‘On the contrary,’ said Mr. Courtenay, with his best bow, ‘if you would entertain the idea—if it suits with your other plans to go to Langton till Kate comes of age, it would be everything that I could desire.’

The three looked at each other for a full moment in uncertainty and wonder. And then Kate suddenly jumped up, overturned the little table by her side, on which stood the remains of her violets, and danced round the room with wild delight.

‘Oh! let us go at once!—let us leave this horrid old picture-gallery! Let us go home, home!’ she cried, in an outburst of joy. The vase was broken, and the dead violets strewed over the carpet. Francesca came in and swept them away, and no one took any notice. That was over. And now for home—for home!

CHAPTER L.

The success of this move had gone far beyond Mr. Courtenay’s highest hopes. He was unprepared for the suddenness of its acceptance. He went off and told Lady Caryisfort, with a surprise and satisfaction that was almost rueful. ‘Since that woman came into my niece’s affairs,’ he said, ‘I have had to sacrifice something for every step I have gained; and I find that I have made the sacrifice exactly when it suited her—to buy a concession she was dying to make. I never meant her to set foot in Langton, and now she is going there as mistress; and just, I am certain, at the time it suits her to go. This is what happens to a simple-minded man when he ventures to enter the lists with women. I have a great mind to put everything in her hands and retire from the field.’

‘I don’t think she is so clever as you give her credit for,’ said Lady Caryisfort, who was somewhat languid after the night’s exertions. ‘I suspect it was you who found out the moment that suited you rather than she.’

But she gave him, in her turn, an account of what she had done, and they formed an alliance offensive and defensive—a public treaty of friendship for the world’s inspection, and a secret alliance known only to themselves, by the conditions of which Lady Caryisfort bound herself to repair to London and take Kate under her charge when it should be thought necessary and expedient by the allied powers. She pledged herself to present the heiress and watch over her and guard her from all match-makers, that the humble chaperon might be dismissed, and allowed to go in peace. When he had concluded this bargain Mr. Courtenay went away with a lighter heart, to make preparations for his niece’s return. He had been most successful in his pretence to get her away from Florence; and now this second arrangement to get rid of the relations who would be no longer necessary, seemed to him a miracle of diplomacy. He chuckled to himself over it, and rubbed his hands.

‘Kate must not be treated as a child any longer—she is grown up, she has a judgment of her own,’ he said, with a delicious sense of humour; and then he listened very gravely to all her enthusiastic descriptions of what she was to do when she got to Langton. Kate, however, after the first glow of her resolution, did not feel the matter so easy as it appeared. She had no thought of the violets, which Francesca swept up, at the moment; but afterwards the recollection of them came back to her. She had allowed them to be swept away without a thought. What a cold heart—what an ungrateful nature—she must have! And poor Antonio! In the light of Langton, Antonio looked to her all at once impossible—as impossible as it would be to transplant his old palace to English soil. No way could the two ideas be harmonised. She puckered her brows over it till she made her head ache. Count Buoncompagni and Langton-Courtenay! They would not come together—could not—it was impossible! Indeed the one idea chased the other from her mind. And how was she to intimate this strange and cruel fact to him? How was she to show that all his graceful attentions must be brought to an end?—that she was going home, and all must be over! And the worst was that it could not be done gradually; but one way or another must be managed at once.

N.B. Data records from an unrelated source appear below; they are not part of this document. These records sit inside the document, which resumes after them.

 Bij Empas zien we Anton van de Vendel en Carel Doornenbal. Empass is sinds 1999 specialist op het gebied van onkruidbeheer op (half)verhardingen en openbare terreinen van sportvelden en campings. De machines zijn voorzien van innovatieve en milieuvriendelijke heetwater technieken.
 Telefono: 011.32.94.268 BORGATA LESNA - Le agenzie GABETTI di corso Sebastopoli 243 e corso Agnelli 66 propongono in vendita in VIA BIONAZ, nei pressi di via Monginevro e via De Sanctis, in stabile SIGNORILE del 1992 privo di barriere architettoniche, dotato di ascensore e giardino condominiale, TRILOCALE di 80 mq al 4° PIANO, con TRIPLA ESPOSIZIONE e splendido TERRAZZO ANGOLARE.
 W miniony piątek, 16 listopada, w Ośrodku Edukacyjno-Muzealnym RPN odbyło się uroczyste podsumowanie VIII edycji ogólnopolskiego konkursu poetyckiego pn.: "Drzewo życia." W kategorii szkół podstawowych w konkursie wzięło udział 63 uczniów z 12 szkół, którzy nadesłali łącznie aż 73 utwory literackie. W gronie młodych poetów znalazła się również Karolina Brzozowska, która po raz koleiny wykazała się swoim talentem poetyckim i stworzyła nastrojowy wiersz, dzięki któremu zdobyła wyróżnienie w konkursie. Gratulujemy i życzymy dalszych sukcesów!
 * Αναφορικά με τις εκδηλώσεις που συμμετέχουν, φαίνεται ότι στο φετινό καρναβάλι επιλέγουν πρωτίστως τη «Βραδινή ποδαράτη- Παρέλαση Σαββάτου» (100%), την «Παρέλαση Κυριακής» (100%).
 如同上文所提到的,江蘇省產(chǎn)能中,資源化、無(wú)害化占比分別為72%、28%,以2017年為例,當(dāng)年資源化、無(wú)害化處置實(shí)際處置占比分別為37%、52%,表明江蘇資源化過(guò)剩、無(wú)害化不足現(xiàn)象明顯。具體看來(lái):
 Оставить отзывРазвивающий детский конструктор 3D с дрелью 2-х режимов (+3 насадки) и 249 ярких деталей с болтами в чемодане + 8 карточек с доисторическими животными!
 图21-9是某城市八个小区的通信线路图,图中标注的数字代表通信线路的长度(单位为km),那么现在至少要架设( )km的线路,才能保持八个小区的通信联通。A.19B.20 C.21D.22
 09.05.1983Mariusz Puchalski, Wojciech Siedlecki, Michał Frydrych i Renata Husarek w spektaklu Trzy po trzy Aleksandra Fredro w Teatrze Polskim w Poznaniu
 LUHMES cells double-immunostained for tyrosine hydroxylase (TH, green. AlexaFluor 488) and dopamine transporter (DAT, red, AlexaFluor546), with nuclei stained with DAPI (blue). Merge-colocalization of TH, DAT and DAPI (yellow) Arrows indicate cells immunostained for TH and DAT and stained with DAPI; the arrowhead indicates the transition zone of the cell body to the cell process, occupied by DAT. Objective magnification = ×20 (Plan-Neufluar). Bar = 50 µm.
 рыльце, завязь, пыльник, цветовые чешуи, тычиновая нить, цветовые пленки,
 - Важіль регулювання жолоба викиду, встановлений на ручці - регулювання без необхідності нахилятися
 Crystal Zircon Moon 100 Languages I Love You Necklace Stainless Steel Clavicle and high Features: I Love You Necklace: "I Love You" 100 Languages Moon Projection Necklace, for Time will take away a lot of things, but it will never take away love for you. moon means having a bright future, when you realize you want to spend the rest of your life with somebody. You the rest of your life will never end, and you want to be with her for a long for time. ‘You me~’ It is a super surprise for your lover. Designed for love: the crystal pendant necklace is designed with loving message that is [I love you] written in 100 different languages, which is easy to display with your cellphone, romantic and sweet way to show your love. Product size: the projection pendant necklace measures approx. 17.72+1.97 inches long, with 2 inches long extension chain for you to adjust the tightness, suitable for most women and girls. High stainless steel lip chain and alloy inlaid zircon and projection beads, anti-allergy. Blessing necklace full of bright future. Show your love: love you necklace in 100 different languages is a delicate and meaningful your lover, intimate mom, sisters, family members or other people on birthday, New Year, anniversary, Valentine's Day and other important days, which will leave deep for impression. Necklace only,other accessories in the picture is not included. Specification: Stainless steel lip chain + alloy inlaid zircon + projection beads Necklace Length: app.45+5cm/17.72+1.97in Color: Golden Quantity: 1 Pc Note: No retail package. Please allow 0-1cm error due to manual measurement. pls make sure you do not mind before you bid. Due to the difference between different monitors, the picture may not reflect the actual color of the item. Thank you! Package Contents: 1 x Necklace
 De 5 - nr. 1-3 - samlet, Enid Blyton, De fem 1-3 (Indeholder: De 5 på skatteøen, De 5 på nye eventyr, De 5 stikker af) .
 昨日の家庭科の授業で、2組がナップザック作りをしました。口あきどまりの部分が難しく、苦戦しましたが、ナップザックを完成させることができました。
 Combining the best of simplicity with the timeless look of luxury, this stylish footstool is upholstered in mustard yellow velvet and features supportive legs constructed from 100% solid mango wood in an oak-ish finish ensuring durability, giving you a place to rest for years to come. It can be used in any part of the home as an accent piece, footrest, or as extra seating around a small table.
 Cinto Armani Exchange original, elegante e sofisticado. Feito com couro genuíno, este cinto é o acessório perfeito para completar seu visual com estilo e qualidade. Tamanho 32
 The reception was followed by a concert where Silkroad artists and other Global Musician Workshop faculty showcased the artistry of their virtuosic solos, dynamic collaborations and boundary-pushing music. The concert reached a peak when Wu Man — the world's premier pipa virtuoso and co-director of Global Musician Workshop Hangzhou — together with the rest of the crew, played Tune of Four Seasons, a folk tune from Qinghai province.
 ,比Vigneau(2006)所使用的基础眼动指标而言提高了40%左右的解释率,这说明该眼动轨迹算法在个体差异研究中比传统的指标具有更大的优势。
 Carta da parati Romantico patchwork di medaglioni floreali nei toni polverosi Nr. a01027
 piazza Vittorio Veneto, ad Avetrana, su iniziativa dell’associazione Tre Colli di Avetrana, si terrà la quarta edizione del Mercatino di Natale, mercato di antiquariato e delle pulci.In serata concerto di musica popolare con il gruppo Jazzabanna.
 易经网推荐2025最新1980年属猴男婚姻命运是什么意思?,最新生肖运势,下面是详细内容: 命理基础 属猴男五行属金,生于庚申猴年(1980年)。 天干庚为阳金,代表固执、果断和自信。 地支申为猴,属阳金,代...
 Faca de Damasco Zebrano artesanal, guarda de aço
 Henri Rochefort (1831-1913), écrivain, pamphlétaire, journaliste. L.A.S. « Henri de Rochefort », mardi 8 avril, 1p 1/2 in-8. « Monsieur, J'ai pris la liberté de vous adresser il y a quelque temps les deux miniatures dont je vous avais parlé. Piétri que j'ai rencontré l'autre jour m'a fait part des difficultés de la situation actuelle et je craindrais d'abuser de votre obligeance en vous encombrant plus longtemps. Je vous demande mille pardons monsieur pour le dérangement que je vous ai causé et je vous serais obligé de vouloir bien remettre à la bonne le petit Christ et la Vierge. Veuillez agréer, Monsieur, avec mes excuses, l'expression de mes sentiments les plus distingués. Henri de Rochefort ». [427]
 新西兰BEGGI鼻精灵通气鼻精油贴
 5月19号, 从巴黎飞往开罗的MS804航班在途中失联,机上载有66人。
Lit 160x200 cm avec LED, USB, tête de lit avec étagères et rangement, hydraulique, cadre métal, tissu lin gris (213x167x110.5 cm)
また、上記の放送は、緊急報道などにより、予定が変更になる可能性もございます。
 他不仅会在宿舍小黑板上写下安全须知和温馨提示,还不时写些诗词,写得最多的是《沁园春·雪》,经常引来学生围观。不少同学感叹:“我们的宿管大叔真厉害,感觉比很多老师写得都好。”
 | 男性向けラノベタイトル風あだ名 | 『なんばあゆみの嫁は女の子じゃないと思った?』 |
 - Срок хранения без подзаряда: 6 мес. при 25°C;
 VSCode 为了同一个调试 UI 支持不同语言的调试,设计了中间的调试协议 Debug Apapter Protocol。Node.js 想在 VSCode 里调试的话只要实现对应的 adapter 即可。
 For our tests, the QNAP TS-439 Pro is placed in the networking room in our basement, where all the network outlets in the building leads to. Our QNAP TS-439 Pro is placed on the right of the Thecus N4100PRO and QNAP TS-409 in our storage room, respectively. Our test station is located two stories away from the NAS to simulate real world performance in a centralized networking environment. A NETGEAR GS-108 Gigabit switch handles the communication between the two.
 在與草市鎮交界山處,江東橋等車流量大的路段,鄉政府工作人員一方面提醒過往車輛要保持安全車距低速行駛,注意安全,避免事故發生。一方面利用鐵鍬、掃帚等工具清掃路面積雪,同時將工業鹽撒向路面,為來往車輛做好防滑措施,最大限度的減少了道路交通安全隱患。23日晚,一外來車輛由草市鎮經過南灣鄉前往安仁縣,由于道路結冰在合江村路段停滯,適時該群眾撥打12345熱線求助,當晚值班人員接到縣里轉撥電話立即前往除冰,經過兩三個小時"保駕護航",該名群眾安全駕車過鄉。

The next day Lady Caryisfort came, as usual, on her way to the Cascine; but, to Kate’s surprise and relief, and, it must be owned, also to her disappointment, Antonio was not there. She declined the next invitation to Lady Caryisfort’s, inventing a headache for the occasion, and growing more and more perplexed the longer she thought over that difficult matter. It was while she was musing thus that Bertie Hardwick one day managed to get beside her for a moment, while Ombra was talking to his cousin. Bertie Eldridge had raised a discussion about some literary matter, and the two had gone to consult a book in the little ante-room, which served as a kind of library; the other Bertie was left alone with Kate, a thing which had not happened before for weeks. He went up to her the moment they were gone, and stood hesitating and embarrassed before her.